__Directions for this task__
Repeat each record exactly, skipping the pictures.

__Records to process__
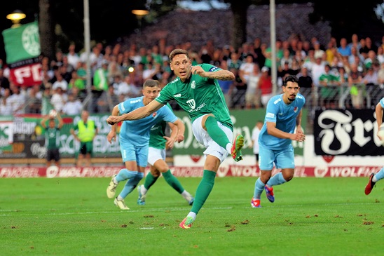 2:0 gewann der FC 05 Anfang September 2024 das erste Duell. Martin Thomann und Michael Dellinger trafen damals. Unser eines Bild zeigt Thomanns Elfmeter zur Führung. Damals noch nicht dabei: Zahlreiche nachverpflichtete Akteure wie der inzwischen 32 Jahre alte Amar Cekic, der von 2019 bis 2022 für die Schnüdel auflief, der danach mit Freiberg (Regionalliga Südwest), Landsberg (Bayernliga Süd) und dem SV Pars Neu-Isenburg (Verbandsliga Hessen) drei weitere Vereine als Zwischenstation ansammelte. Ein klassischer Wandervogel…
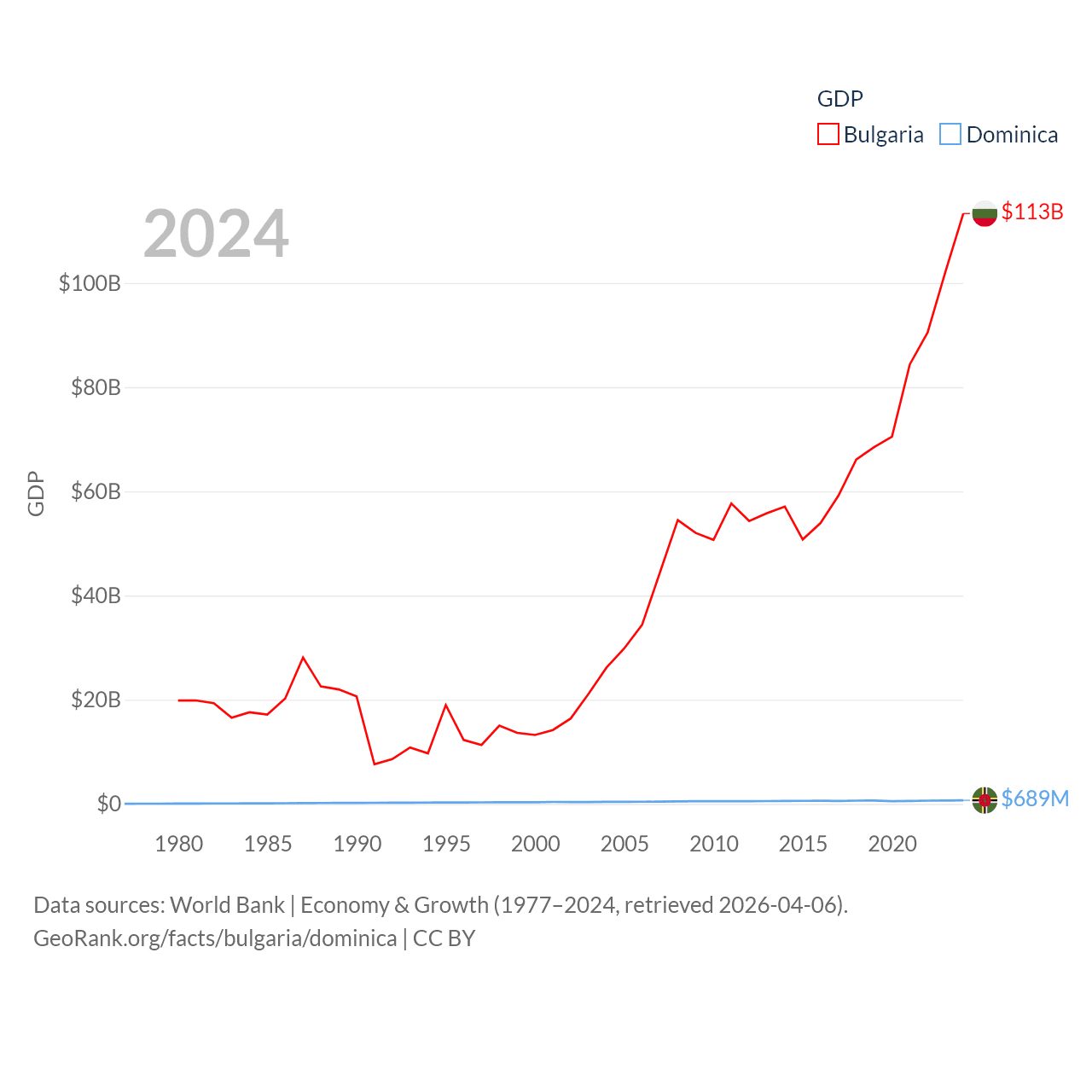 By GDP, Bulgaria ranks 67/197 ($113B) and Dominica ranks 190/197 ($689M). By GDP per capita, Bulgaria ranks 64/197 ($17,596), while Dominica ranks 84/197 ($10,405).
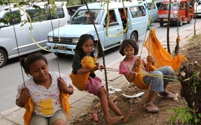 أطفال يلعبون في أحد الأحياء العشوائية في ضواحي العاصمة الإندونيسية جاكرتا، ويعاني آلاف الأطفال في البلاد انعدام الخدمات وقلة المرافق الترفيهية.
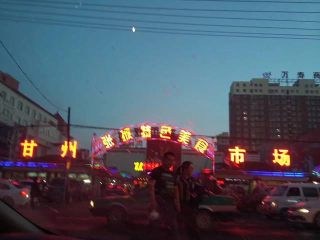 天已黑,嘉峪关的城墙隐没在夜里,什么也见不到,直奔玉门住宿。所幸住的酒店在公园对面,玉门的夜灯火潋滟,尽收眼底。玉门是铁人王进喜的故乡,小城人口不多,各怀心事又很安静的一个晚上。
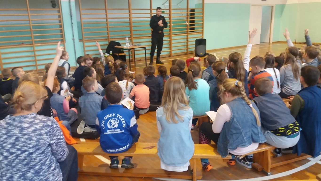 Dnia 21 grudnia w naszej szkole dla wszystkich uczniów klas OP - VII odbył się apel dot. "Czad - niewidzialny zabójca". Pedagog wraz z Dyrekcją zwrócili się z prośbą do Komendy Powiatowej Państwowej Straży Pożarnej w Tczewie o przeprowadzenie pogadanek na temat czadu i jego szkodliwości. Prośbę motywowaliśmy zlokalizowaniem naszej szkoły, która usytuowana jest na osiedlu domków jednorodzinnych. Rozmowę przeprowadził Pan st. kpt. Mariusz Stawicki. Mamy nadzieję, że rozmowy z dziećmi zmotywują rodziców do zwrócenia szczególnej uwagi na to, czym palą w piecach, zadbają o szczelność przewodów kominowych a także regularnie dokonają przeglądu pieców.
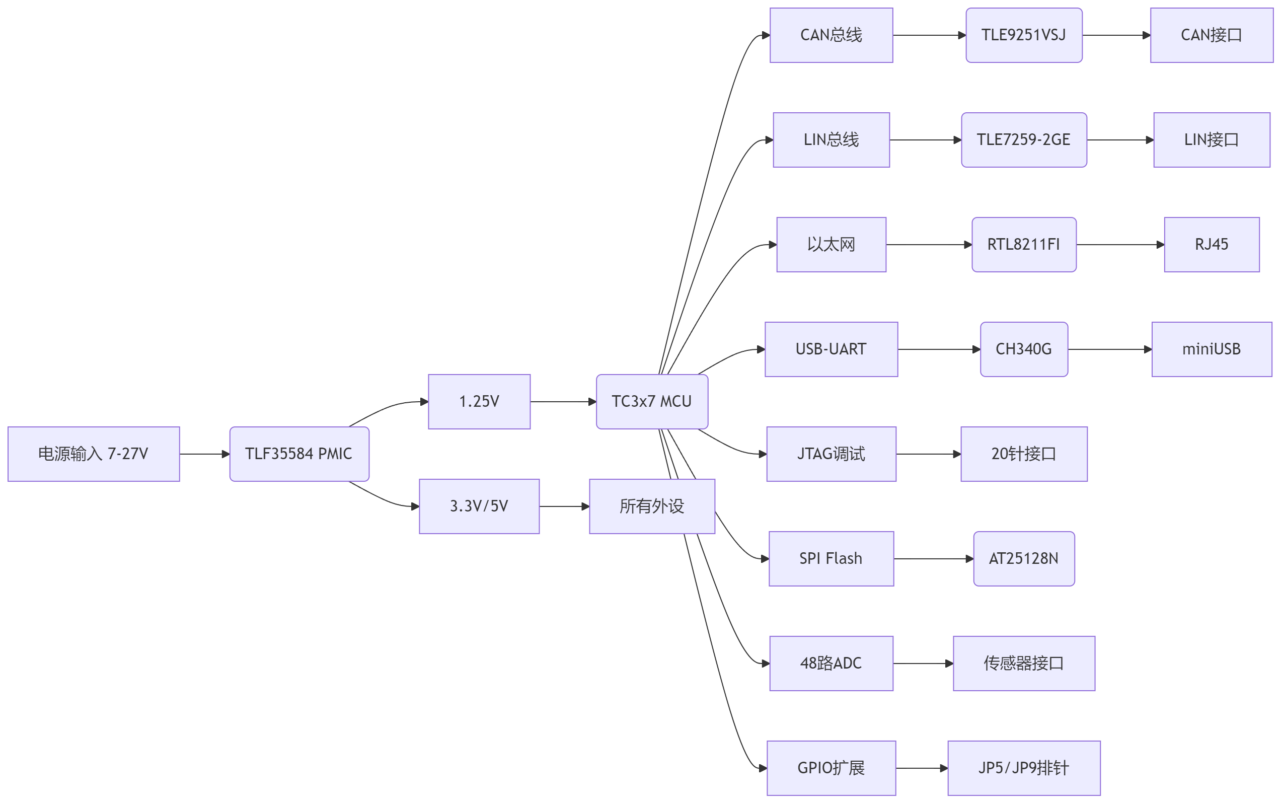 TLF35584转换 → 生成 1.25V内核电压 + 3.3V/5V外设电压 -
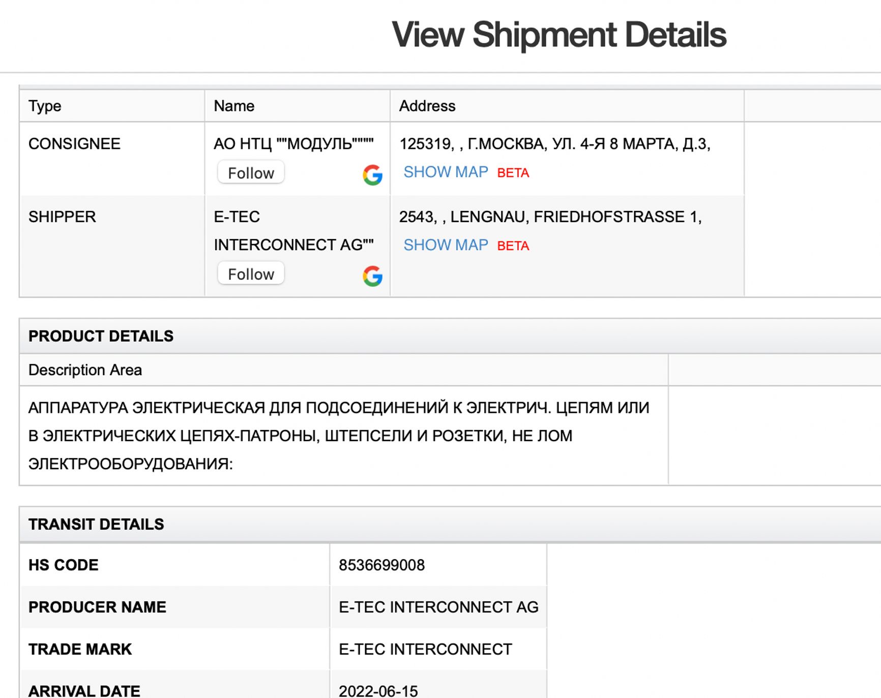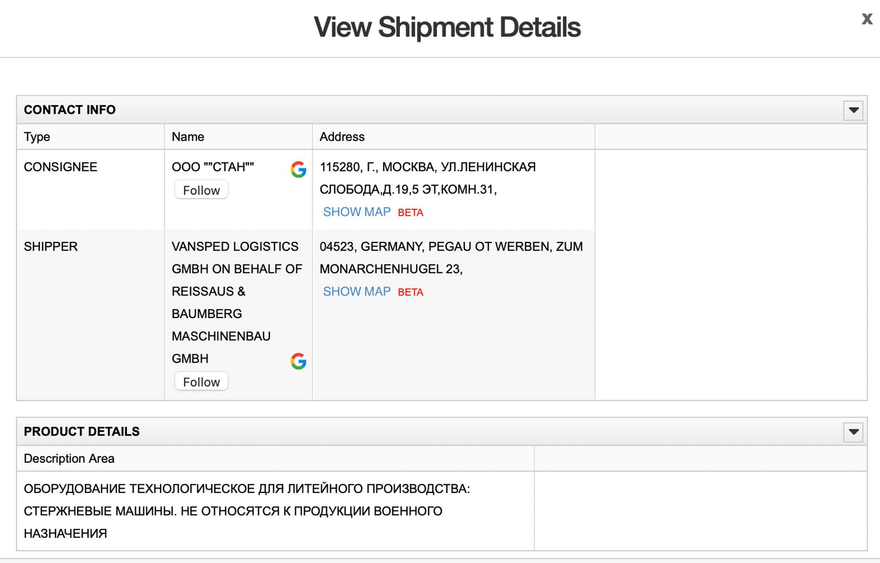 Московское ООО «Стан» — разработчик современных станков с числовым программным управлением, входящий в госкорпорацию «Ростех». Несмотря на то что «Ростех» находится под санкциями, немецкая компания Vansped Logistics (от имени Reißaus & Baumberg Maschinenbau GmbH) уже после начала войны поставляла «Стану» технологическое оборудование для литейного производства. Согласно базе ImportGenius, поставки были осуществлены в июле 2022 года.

__Answer section__
 2:0 gewann der FC 05 Anfang September 2024 das erste Duell. Martin Thomann und Michael Dellinger trafen damals. Unser eines Bild zeigt Thomanns Elfmeter zur Führung. Damals noch nicht dabei: Zahlreiche nachverpflichtete Akteure wie der inzwischen 32 Jahre alte Amar Cekic, der von 2019 bis 2022 für die Schnüdel auflief, der danach mit Freiberg (Regionalliga Südwest), Landsberg (Bayernliga Süd) und dem SV Pars Neu-Isenburg (Verbandsliga Hessen) drei weitere Vereine als Zwischenstation ansammelte. Ein klassischer Wandervogel…
 By GDP, Bulgaria ranks 67/197 ($113B) and Dominica ranks 190/197 ($689M). By GDP per capita, Bulgaria ranks 64/197 ($17,596), while Dominica ranks 84/197 ($10,405).
 أطفال يلعبون في أحد الأحياء العشوائية في ضواحي العاصمة الإندونيسية جاكرتا، ويعاني آلاف الأطفال في البلاد انعدام الخدمات وقلة المرافق الترفيهية.
 天已黑,嘉峪关的城墙隐没在夜里,什么也见不到,直奔玉门住宿。所幸住的酒店在公园对面,玉门的夜灯火潋滟,尽收眼底。玉门是铁人王进喜的故乡,小城人口不多,各怀心事又很安静的一个晚上。
 Dnia 21 grudnia w naszej szkole dla wszystkich uczniów klas OP - VII odbył się apel dot. "Czad - niewidzialny zabójca". Pedagog wraz z Dyrekcją zwrócili się z prośbą do Komendy Powiatowej Państwowej Straży Pożarnej w Tczewie o przeprowadzenie pogadanek na temat czadu i jego szkodliwości. Prośbę motywowaliśmy zlokalizowaniem naszej szkoły, która usytuowana jest na osiedlu domków jednorodzinnych. Rozmowę przeprowadził Pan st. kpt. Mariusz Stawicki. Mamy nadzieję, że rozmowy z dziećmi zmotywują rodziców do zwrócenia szczególnej uwagi na to, czym palą w piecach, zadbają o szczelność przewodów kominowych a także regularnie dokonają przeglądu pieców.
 TLF35584转换 → 生成 1.25V内核电压 + 3.3V/5V外设电压 -
 Московское ООО «Стан» — разработчик современных станков с числовым программным управлением, входящий в госкорпорацию «Ростех». Несмотря на то что «Ростех» находится под санкциями, немецкая компания Vansped Logistics (от имени Reißaus & Baumberg Maschinenbau GmbH) уже после начала войны поставляла «Стану» технологическое оборудование для литейного производства. Согласно базе ImportGenius, поставки были осуществлены в июле 2022 года.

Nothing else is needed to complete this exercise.